Describing herself as kind, caring and fun, Dee cooks from the heart, creating comforting traditional dishes with creative gluten-free twists.
Dee began exploring gluten-free cooking after one of her daughters was diagnosed Coeliac. She was determined to ensure that her family would never feel limited or left out when it came to food.
Last year, she won the Odlums Home Baker of the Year competition — a moment that gave her the confidence to push herself even further and apply for TV Home Cook.
Dee Freney
Dee says she wanted to show her daughters what being brave looks like and prove that gluten-free food can be every bit as delicious, comforting and flavour-packed as traditional dishes.
Her signature dishes include a classic Sunday roast with gluten-free Yorkshire puddings and a light, fluffy Victoria sponge cake. Cooking plays a huge role in Dee’s life and family home, helping her create meals that bring everyone together around the table.
In her pre-recorded cook with mentor Trisha Lewis, Dee made rich chocolate brownies that impressed with both flavour and texture. Dee says taking part felt like a dream she never thought she would get to experience.
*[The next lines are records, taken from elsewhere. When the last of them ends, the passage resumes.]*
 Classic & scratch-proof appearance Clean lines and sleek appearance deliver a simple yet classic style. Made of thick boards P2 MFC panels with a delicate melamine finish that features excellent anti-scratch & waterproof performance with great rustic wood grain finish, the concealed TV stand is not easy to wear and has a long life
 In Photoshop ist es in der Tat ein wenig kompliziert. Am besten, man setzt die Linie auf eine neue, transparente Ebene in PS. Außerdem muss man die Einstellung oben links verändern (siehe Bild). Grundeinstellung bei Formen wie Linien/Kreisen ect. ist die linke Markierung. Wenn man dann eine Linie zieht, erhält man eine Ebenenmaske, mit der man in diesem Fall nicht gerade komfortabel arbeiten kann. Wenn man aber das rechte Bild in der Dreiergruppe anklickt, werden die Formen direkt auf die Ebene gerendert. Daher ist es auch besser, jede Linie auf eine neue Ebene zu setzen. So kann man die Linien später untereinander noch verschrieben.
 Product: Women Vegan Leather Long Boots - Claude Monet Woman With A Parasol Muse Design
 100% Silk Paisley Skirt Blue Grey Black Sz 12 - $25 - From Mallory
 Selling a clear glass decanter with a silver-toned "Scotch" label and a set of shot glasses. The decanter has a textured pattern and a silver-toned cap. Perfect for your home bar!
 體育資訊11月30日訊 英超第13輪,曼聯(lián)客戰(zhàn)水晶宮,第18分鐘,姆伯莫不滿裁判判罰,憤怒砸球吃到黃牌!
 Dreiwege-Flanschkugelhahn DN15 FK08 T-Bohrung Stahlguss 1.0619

For her semi-final cook, Dee will be making Gluten Free Hot Honey Salmon with Garlic Tenderstem — a wholesome, flavour-packed dish that reflects her modern gluten-free cooking style.
Aoife Cheung
Galway woman Aoife Cheung is 31 years of age and works as an Office Manager and Business Owner.
Funny, thoughtful and ambitious, Aoife loves creating easy-to-recreate dishes that combine Asian and Irish flavours in a fun and approachable way.
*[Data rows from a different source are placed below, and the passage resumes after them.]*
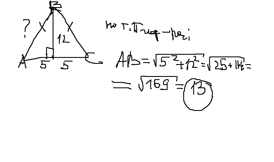 в равнобедренном треугольнике основание равно 10 см а высота проведённая к основанию равна 12 см вычислите боковую сторону треугольника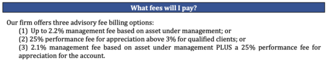 从上图可知,H&H International Investment, LLC有三种收费模式: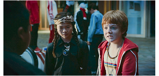 4人がモールを出た時、アレックスは、「1973年型フォード・マスタング・マッハ1」と言う。「パパが、あれとそっくりなのに乗ってた」。ゲイブリエル:「それって、コンピュータなんか付いてないんだろ?」。ということは、今でも動くことを意味している。4人はモールで調達した自転車を放り出して車に向かう(1枚目の写真)。アレックスはさっそく運転席に乗り込むが(2枚目の写真)、笑顔は、マニュアル車だと分かると同時に消える。いざ、出発しようとするが、マニュアル車に乗ったことのないアレックスの運転で、車は、同じ場所をブレーキから白煙を上げながら回転するだけ。結局、なぜかジェンジェンが運転する(3枚目の写真)〔なぜ、11歳の中国人が大型のマニュアル車を運転できるのか?〕。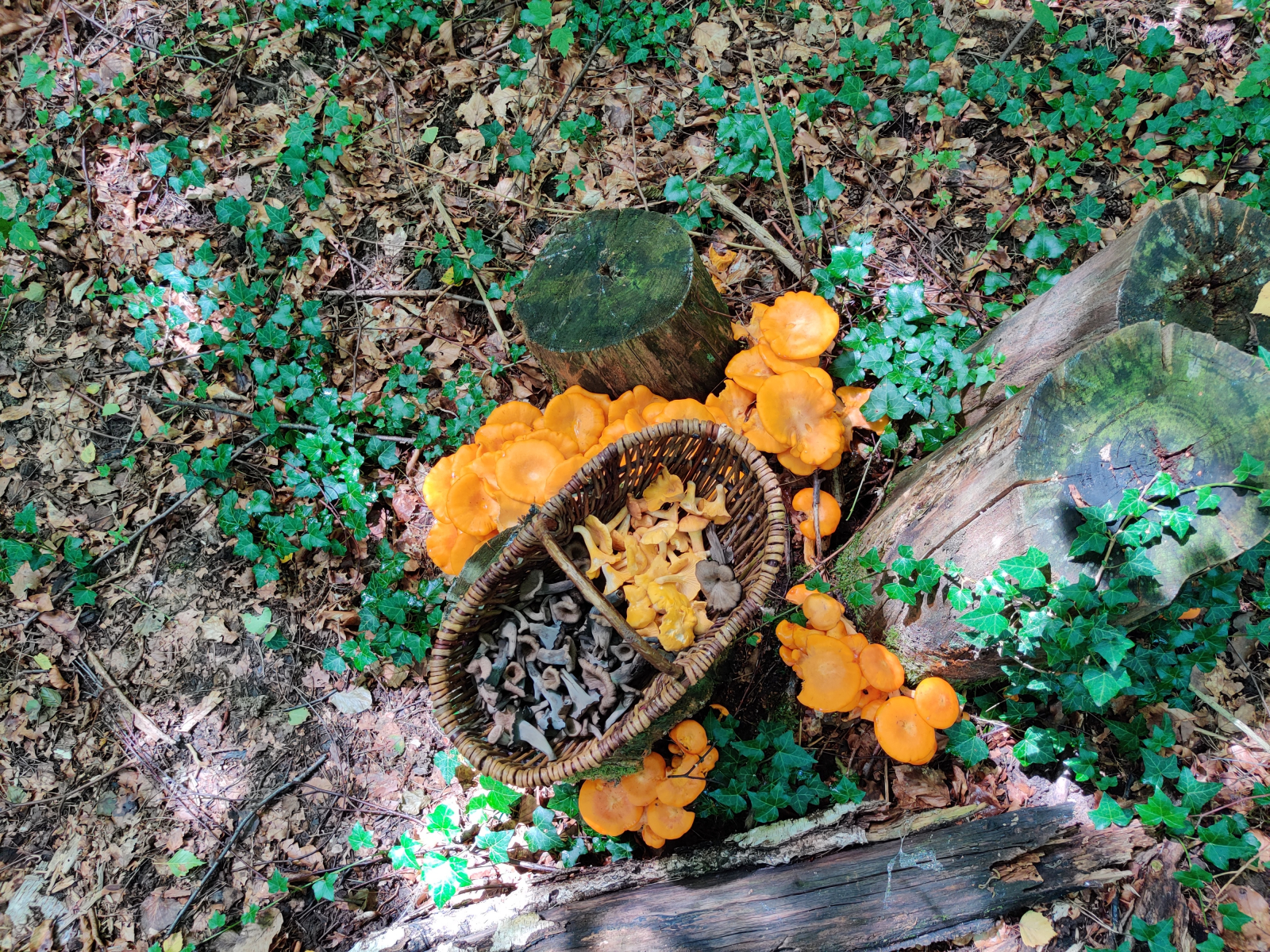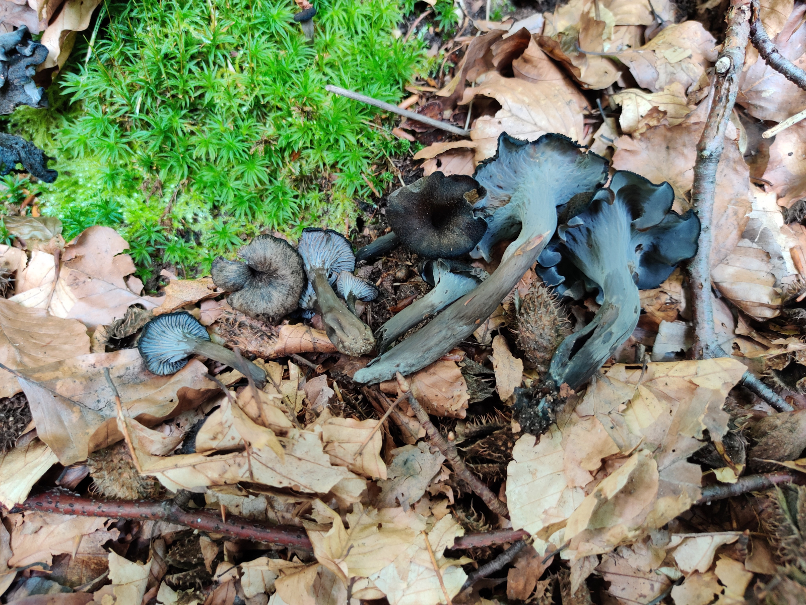 4. Nach einer längeren Durststrecke bin ich auf ein enormes Vorkommen an Totentrompeten (Craterellus cornucopioides) gestoßen, von denen die schönsten den Weg in mein Körbchen fanden.

Food is central to Aoife’s life and is how she connects with the people around her, whether hosting family and friends or cooking with her in-laws, who live next door. She says she applied for TV Home Cook to inspire others to cook more confidently and to embrace "feeling the fear and doing it anyway."
Aoife Cheung
Aoife’s signature dish is her pork and prawn dumplings served with a homemade chilli sauce mix — crispy-bottomed dumplings packed with juicy umami flavour that are always in huge demand when family gather together. Outside of the competition, Aoife has also recently launched her own kitchen brand and mini rice cooker, although she has been strictly told not to mention it on the show!
In her pre-recorded cook with mentor Trisha Lewis, Aoife made her Crispy Duck Delights, a dish she describes as easier to recreate at home than people might think and perfect for entertaining. She says cooking in a TV studio kitchen was an exciting experience and very different from cooking at home.
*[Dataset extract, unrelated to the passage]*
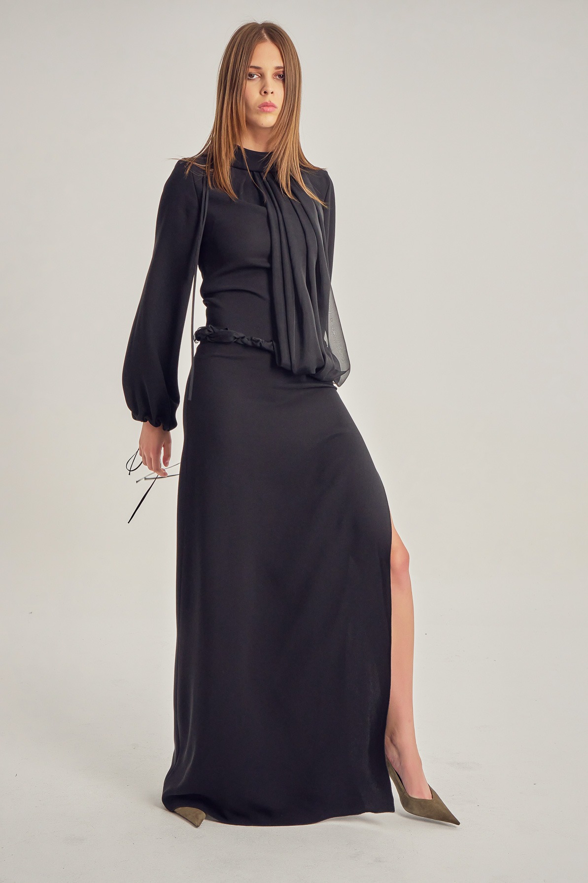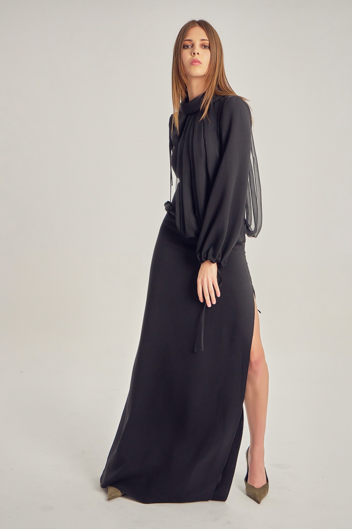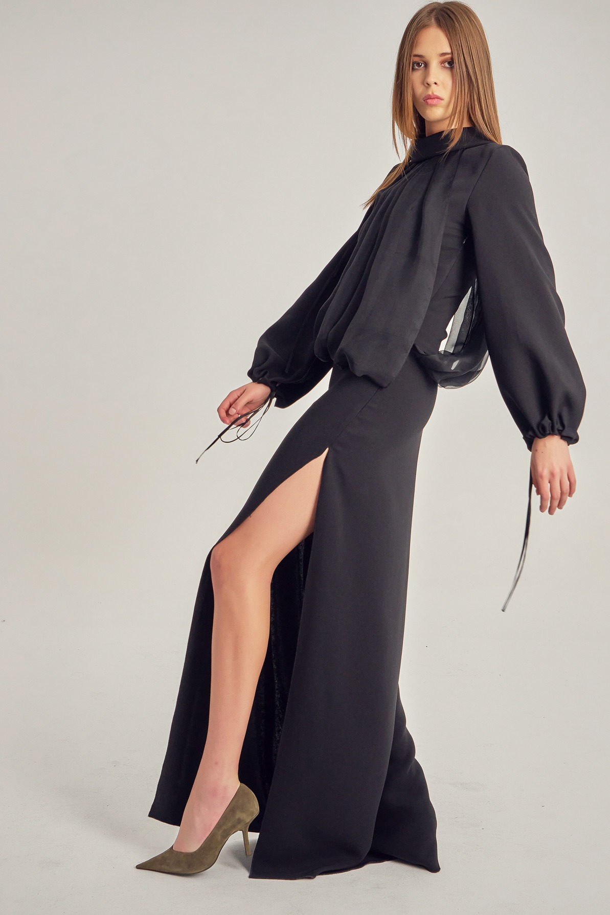 Long evening dress with a leg slit and long sleeves.

For her semi-final cook, Aoife will prepare a Chilli Crunch Pork Belly Baguette with Miso Aubergine and Pickles — a bold, flavour-packed dish that showcases her modern fusion cooking style.
Rosaria Manchese
Rosaria Manchese is 33-years-old and hails from the Puglia region of southern Italy. Now living in Monkstown, Cork, Rosaria works in Family Support within a children’s disability team.
She describes herself as intuitive, caring and creative, and loves creating simple but comforting dishes that allow fresh ingredients to shine.
Rosaria Manchese
Rosaria says food has always been at the centre of her life and family traditions. Growing up in Italy, gatherings around the table at Easter and Christmas were major milestones, and since moving to Ireland and marrying into farm life, she has discovered that feeding hungry workers on Silage Day can be just as important as an Italian Sunday feast.
Her signature dish is a slow-cooked short rib beef ragu served with rigatoni and homemade focaccia — a rich, comforting meal inspired by the flavours of home.
Rosaria applied for TV Home Cook after encouragement from a colleague and decided to embrace the opportunity and challenge herself.
In her pre-recorded cook with mentor Trisha Lewis, Rosaria prepared a traditional Sausage & Broccoli Orecchiette, topped with toasted breadcrumbs for added texture and flavour.
For her semi-final cook, Rosaria will be making Baked Gnocchi with Pork & Butternut Squash — a comforting Italian-inspired dish full of warmth and rustic flavour.